The application UI is still working fine (because Kubernetes recreated the MongoDB Pod and reconnected it via the mongosvc service).

But the Saved Users section is now empty the user record you registered earlier (e.g., kkfunda / kkfunda / kkeducationblr@gmail.com) is gone.

4 . Demo 2 — Using HostPath Volumes for MongoDB Data Persistence

In the previous demo, we saw that deleting the MongoDB Pod caused the data to disappear because MongoDB was using its container’s internal filesystem (/data/db).
Now, we’ll fix that problem by attaching a HostPath volume so MongoDB stores its data directly on the worker-node filesystem.
When the Pod is deleted and recreated (even on the same node), it will reuse the same host directory and recover all previously stored data.

4.1 Delete the Existing MongoDB ReplicaSet

Before applying the new configuration, delete the old MongoDB ReplicaSet.

kubectl delete rs mongodb -n test-ns

This removes the old ReplicaSet and its Pods.

4.2 Apply the New YAML with HostPath Volume

apiVersion: apps/v1
kind: ReplicaSet
metadata: 
  name: mongodb
  namespace: test-ns
spec:
  replicas: 1
  selector: 
    matchLabels:
      app: mongodb
  template:
    metadata:
      labels:
        app: mongodb
    spec:
      containers:
      - name: mongocon
        image: mongo
        ports:
        - containerPort: 27017
        env:
        - name: MONGO_INITDB_ROOT_USERNAME
          value: devdb
        - name: MONGO_INITDB_ROOT_PASSWORD
          value: devdb@123
        volumeMounts:
        - name: mongovol
          mountPath: /data/db
      volumes:
      - name: mongovol
        hostPath:
          path: /mongobkp
---
apiVersion: v1
kind: Service
metadata:
  name: mongosvc
  namespace: test-ns
spec:
  type: ClusterIP
  selector:
    app: mongodb
  ports:
    - port: 27017
      targetPort: 27017

4.3 Understanding the Volume Section

In your YAML, you have this section:

volumeMounts:
  - name: mongovol
    mountPath: /data/db

volumes:
  - name: mongovol
    hostPath:
      path: /mongobkp

Let’s break this down line by line

VolumeMounts

This part defines where inside the container MongoDB will store its data.

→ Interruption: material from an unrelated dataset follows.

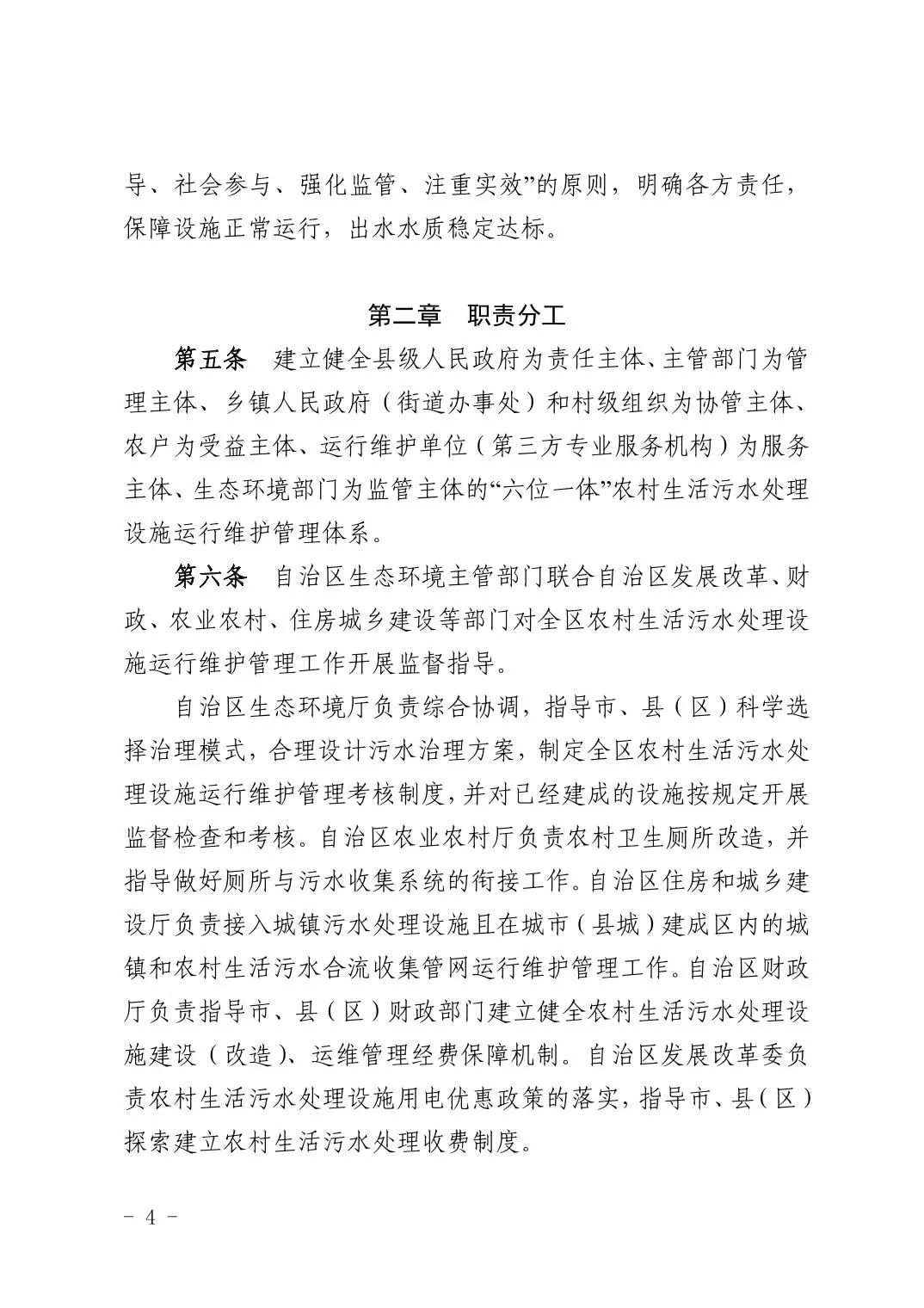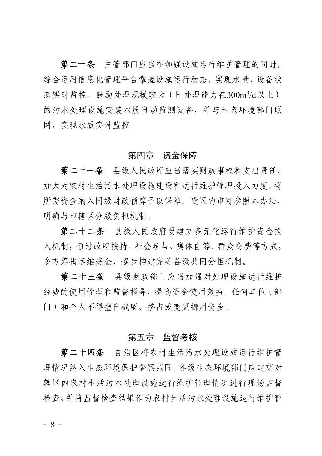 在資金運維上,《辦法》規(guī)定由自治區(qū)財政廳負(fù)責(zé)指導(dǎo)市、縣(區(qū))財政部門建立健全農(nóng)村生活污水處理設(shè)施建設(shè)或改造、運維管理經(jīng)費保障機制;縣級人民政府應(yīng)當(dāng)加大對農(nóng)村生活污水處理設(shè)施建設(shè)和運行維護管理投入力度,將所需資金納入同級財政預(yù)算予以保障,建立多元化運行維護資金投入機制,通過政府扶持、社會參與、集體自籌、群眾交費等方式,多方籌措運維資金,逐步構(gòu)建完善各級共同分擔(dān)機制,任何單位(部門)和個人不得擅自截留、擠占或變更挪用資金。

Here, we’re telling Kubernetes:
“Mount the volume named mongovol inside the container at /data/db.”
/data/db is MongoDB’s default data directory it’s where MongoDB writes all its database files (like collections, indexes, and journals).

Volumes

This part defines what the actual storage source is on the Kubernetes node (host).
Here we’re saying: “The volume called mongovol is backed by a hostPath and that path on the node is /mongobkp.”

kubectl apply -f hostpath-vol.yaml

Now apply your updated configuration file (hostpath-vol.yaml):
This redeploys MongoDB with a HostPath volume mounted to /data/db inside the container, mapping it to /mongobkp on the worker node.

4.4 Verify the Pod and Node Details

Check which node your new MongoDB Pod is running on:

kubectl get po -n test-ns -o wide

You can see the new Pod (mongodb-chvlw) is running on Node: ip-172-31-9-28, with Pod IP: 10.44.0.1.

4.5 Check the Data Directory on the Node

Now, SSH into the worker node (ip-172-31-9-28) and check the /mongobkp directory:

cd /
ls -lrth mongobkp/

You can see multiple MongoDB data files (WiredTiger.wt, storage.bson, collection*.wt, diagnostic.data, etc.)

This confirms MongoDB is writing directly to the node’s host filesystem.

4.6 Open the Spring Boot Application and Add a Record

Access your Spring Boot + MongoDB app again:
Register a new user

You’ll see the record appear under the Saved Users table

4.7 Delete the MongoDB Pod and Observe

Now delete the MongoDB Pod again to simulate a restart:

kubectl delete po mongodb-chvlw -n test-ns

After a few seconds, run:

kubectl get po -n test-ns -o wide

You’ll see a new Pod (mongodb-h5dhf) created, but now it’s scheduled on another node (e.g., ip-172-31-0-107) with a new Pod IP.

4.8 Observation After Pod Restart on Another Node

Once the MongoDB Pod restarted on a different node, the application behavior changed:

All previously saved users (GANGAVARAM / PRASANTH) disappeared
The database appeared empty

Now, when we registered a new user (RAVI):

Only the newly added RAVI record was visible
Old records were not recovered

When you registered a new user again, it showed only the newly added data, not the old records.

Now delete the MongoDB Pod again to simulate a restart

This time, you can observe that the previously saved users (GANGAVARAM / PRASANTH) appear again in the application because the Pod has been scheduled on a node where this data was previously written.

MongoDB simply reads whatever local data is available on that worker node’s filesystem.
Since different nodes contain different copies of data in their local /mongobkp directories, the application shows different results depending on the node where the Pod is running.
This behavior clearly demonstrates data inconsistency, not true persistence.
HostPath is node-specific, not cluster-wide. It is not suitable for databases in production.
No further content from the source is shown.